In Season 9, Episode 22...

Tessa, a former reaper seen multiple times across the series,

...is one of the three bombers.

Are reapers angels? Are they former angels? Can they switch from one to the other? Is it explained anywhere?

  • Yay, my first tumbletweed. -_- – Kalissar Mar 17 '16 at 12:27
  • Reapers are angels that serve Death, it seems like. – Shamshiel Mar 26 '16 at 17:00
  • 1
    Hello. If you find a canon source for this, it would be answer worthy, but I don't recall any mention of reapers being angels. – Kalissar Mar 31 '16 at 8:24

The show hasn't come down hard on this question, but the balance of evidence (such as it is) suggests that

Reapers are not angels

There are several things we've seen about reapers to strongly suggest that they're not angels; none of them are wholly satisfying on their own, but taken together they do seem to nod towards that conclusion:

  • Their true form is perceivable without grievous injury. In "In My Time of Dying" (the season 2 premiere), Dean sees the true form of the reaper Tessa:

    enter image description here

    Contrast this with angels: in the season 4 premiere, "Lazarus Rising", the psychic Pamela Barnes sneaks a peak at Castiel's true form, and has her eyes burned out for her trouble; Cas later says:

    Castiel: I warned her not to spy on my true form. It can be... overwhelming to humans

    Supernatural Season 4 Episode 1: "Lazarus Rising"
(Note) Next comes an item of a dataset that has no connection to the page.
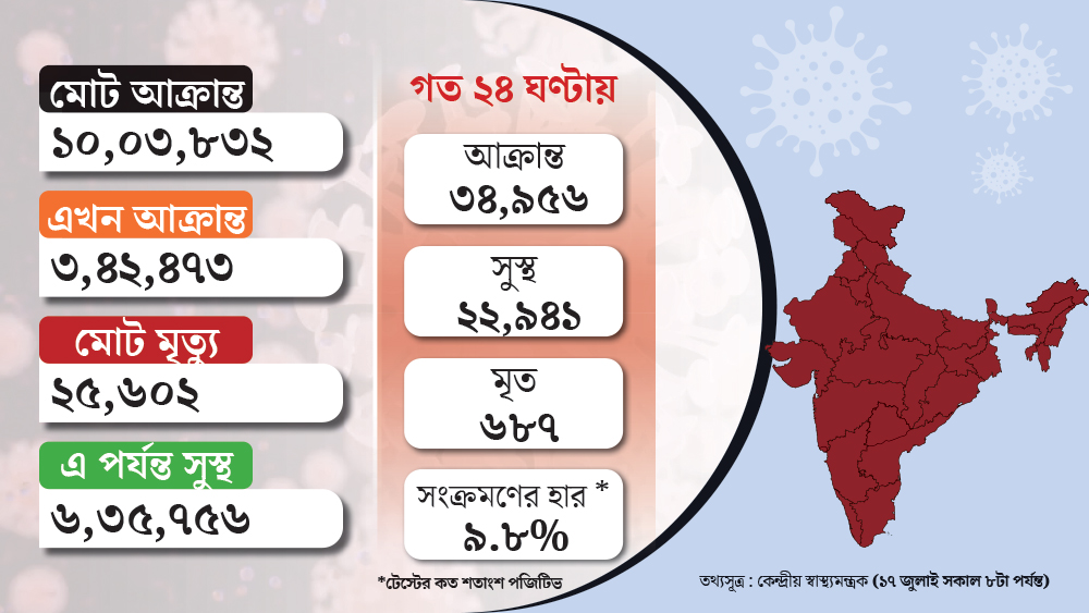 ২ জুলাই ৬ লাখ। ৭ জুলাই ৭ লাখ। ১১ জুলাই ৮ লাখ। ১৪ জুলাই ৯ লাখ। ১৭ জুলাই ১০ লাখ। এই পরিসংখ্যান দেশের করোনাভাইরাস সংক্রমণের। তারিখগুলোর মধ্যের ব্যবধান ক্রমেই কমছে ৫, ৪, ৩ দিন— এই ভাবে বাড়তে বাড়তে শুক্রবার দেশে করোনাভাইরাসে আক্রান্ত ছাড়িয়ে গেল ১০ লাখ। নতুন সংক্রমণের সংখ্যা রোজদিন বাড়ছে লাফিয়ে লাফিয়ে। শুক্রবার সকালে কেন্দ্রীয় স্বাস্থ্য মন্ত্রকের দেওয়া পরিসংখ্যানেও সেই একই প্রবণতা। গত ২৪ ঘণ্টায় ৩৪ হাজার ৯৫৬ জন নতুন করে সংক্রমিত হয়েছেন। ২৪ ঘণ্টার নিরিখে যা এখনও অবধি সর্বোচ্চ। এ নিয়ে দেশে মোট আক্রান্ত হলেন ১০ লক্ষ তিন হাজার ৮৩২ জন। আক্রান্তের সঙ্গে সংক্রমণের হারও ঊর্ধ্বমুখী। প্রতিদিন যে সংখ্যক মানুষের টেস্ট হচ্ছে, তার মধ্যে যত শতাংশের রিপোর্ট কোভিড পজিটিভ আসছে, সেটাকেই বলা হচ্ছে ‘পজিটিভিটি রেট’ বা সংক্রমণের হার। গত ২৪ ঘণ্টায় দেশে সংক্রমণের হার ৯.৮ শতাংশ।

  • They can be trapped. Reaper traps have been used on two occasions: by the demon Alastair in "Death Takes a Holiday" and by Bobby in "Death's Door." The traps seem to incapacitate reapers1, similar to the effect devil's traps have on demons.

    On the other hand, we've never seen an angel trapped in this way

    • The closest would be holy fire, which isn't much of a comparison
    • We've also seen (for example, in the season 9 episode "Meta Fiction") that angel warding can be used to trap angels in confined spaces (like the trunk of the Impala). However, we've never seen them used to trap angels in the open, the way reaper traps seem to work
  • They don't seem to have wings. We can infer this from how the two die. Compare the death of the unnamed reaper killed by Alastair in "Death Takes a Holiday" (on the floor, behind Alastair and Tessa):

    enter image description here

    To an image of dead Zachariah from "Point of No Return"

    enter image description here

    And notice the distinct lack of wing-shaped burns around the dead reaper.

  • They answer to Death, not Heaven. Every other angel we meet in the show is taking their cues from Heaven, or from other angels; the only exceptions are former soldiers who abandoned the cause (like Anna, Metatron, and Gabriel). In contrast, the reapers seem to get instructions from Death:

    Tessa: Dean, you have to take her.

    Dean: Says who?

    Tessa: Death.

    Supernatural Season 6 Episode 11: "Appointment in Samarra"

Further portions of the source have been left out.